Le générique traditionnel de Woody Allen, police Windsor blanche sur fond noir, alors que Giulia y los Tellarini égrènent leur chanson acidulée, Barcelona. Suit un plan d'une mosaïque de Miro à l'aéroport de la capitale catalane, avant que la caméra ne pivote pour suivre Vicky et Cristina qui partent visiter la ville. Sagrada Familia, Parc Güell, guitare et toro de fuego : Woody Allen ne craint pas la carte postale, au contraire, il pousse le cliché à fond : Juan Antonio est forcément peintre, son père est forcément poéte, et Barcelone est forcément romantique.
Débarquent donc dans cette ville filmée en permanence avec une photographie mordorée, deux touristes américaines, deux opposées : Vicky, la brune, titulaire d'un Master d'Identité catalane, performance d'autant plus méritoire qu'elle n'a jamais mis les pieds en Espagne et ne parle ni la catalan ni le castillan, et qui concoit l'amour comme un engagement durable ; et Cristina, la blonde, qui ne sait pas ce qu'elle attend mais qui sait ce qu'elle ne veut pas, prête à toutes les aventures et pourtant toujours insatisfaite.

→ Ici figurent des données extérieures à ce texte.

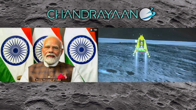 "India is now on the Moon and now is the time to walk on the 'Chandra Path'," the prime minister said.
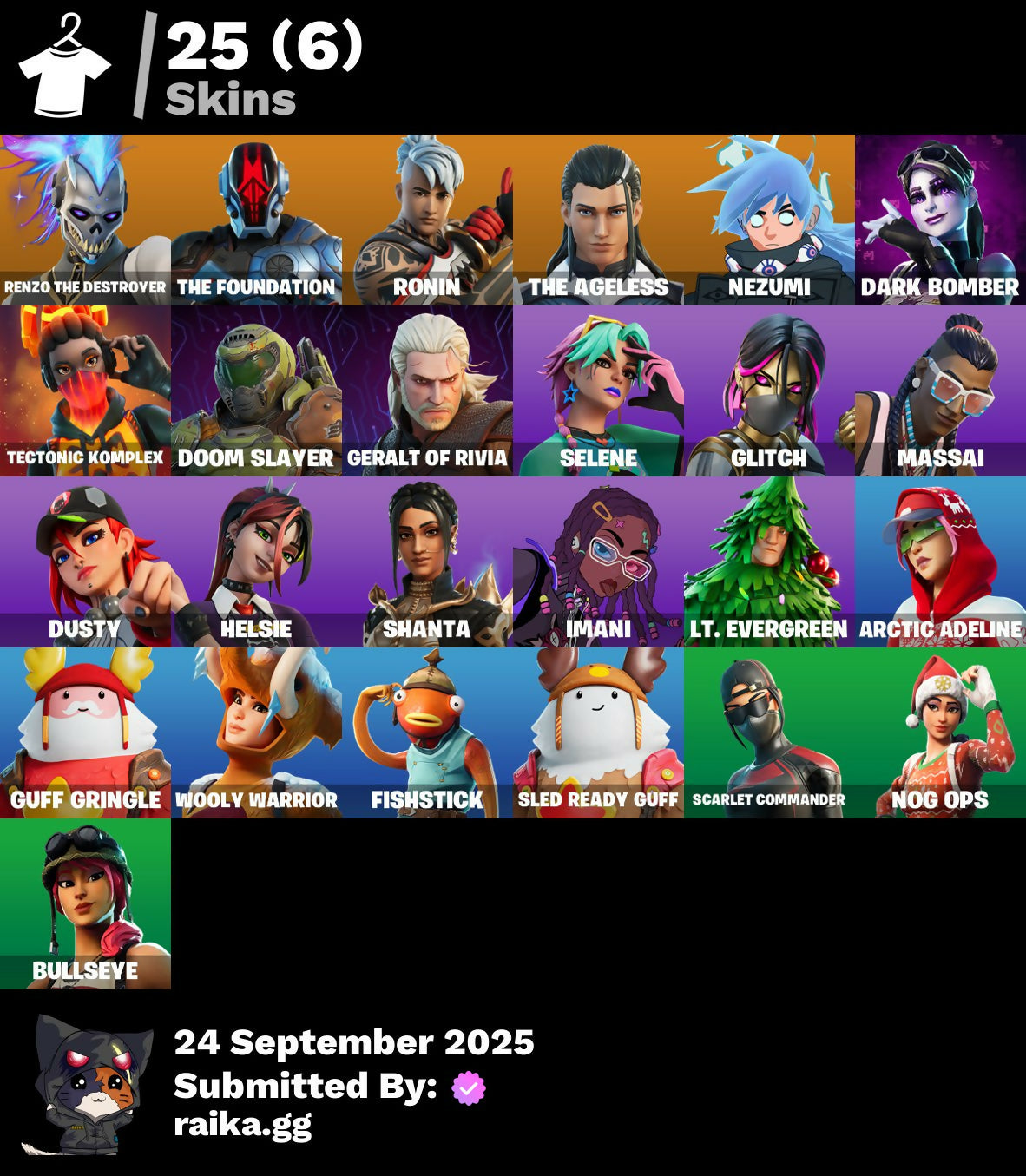[PC/PSN/XBOX] 25 skins | Renzo the Destroyer | The Foundation | Ronin | The Ageless | Nezumi | Dark Bomber | Tectonic Komplex | Doom Slayer | Geralt of Rivia | 500 VB / FN
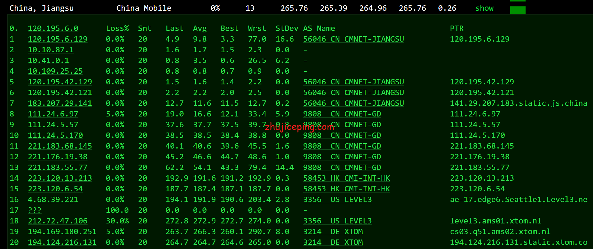 国内移动去程,香港CMI对接美国西雅图level3然后去荷兰:

Commence alors un marivaudage autour de Juan Antonio, un peintre qui "a eu une histoire torride avec une belle folle qui a essayé de le tuer", Roméo en Alfa qui ne s'est jamais consolé de la perte de sa Juliette. Triangle classique, mais la malice de Woody Allen brouille les cartes et réveille les ulcères, et entre joutes oratoires savoureuses et jeu de cache-cache, l'intrigue avance doucement, comme une journée d'été.
Puis commence la deuxième partie du film, annoncée par une fermeture et une ouverture à l'iris : le retour de la belle folle jouée par Penelope Cruz. La critique s'est extasiée sur le jeu de l'actrice d'Almodovar, et c'est vrai qu'elle est comme d'habitude époustouflante en passionaria hystérique, lointaine cousine ibérique de Frida Kahlo. Mais ces comparses ne sont pas mal non plus, notamment Scarlett Johansson dans un rôle plus contrasté, et Javier Bardem, aussi à l'aise en séducteur latino qu'en tétraplégique ou en tueur psychopathe.
On l'aura compris, "Vicky Cristina Barcelona" est plutôt un bon Woody Allen, construit astucieusement avec une voix off à l'ancienne qui accélère l'intrigue, des dialogues savoureux - mais moins logorrhéiques que dans d'autres films -, et une distribution impressionnante. On n'a pas le temps de s'ennuyer, grâce à cette savante construction et aux multiples rebondissements, mais Woody Allen a bien fait d'arrêter son film au bout d'1 h 37, car ce n'est pas sûr que le spectateur aurait tenu encore longtemps.
Pas franchement comédie, pas réellement film dramatique, ce quarantième film de Woody Allen ne prendra sans doute pas place parmi ses plus grands films. Il n'en reste pas moins un agréable divertissement, largement supérieur à la moyenne des films de ces derniers mois.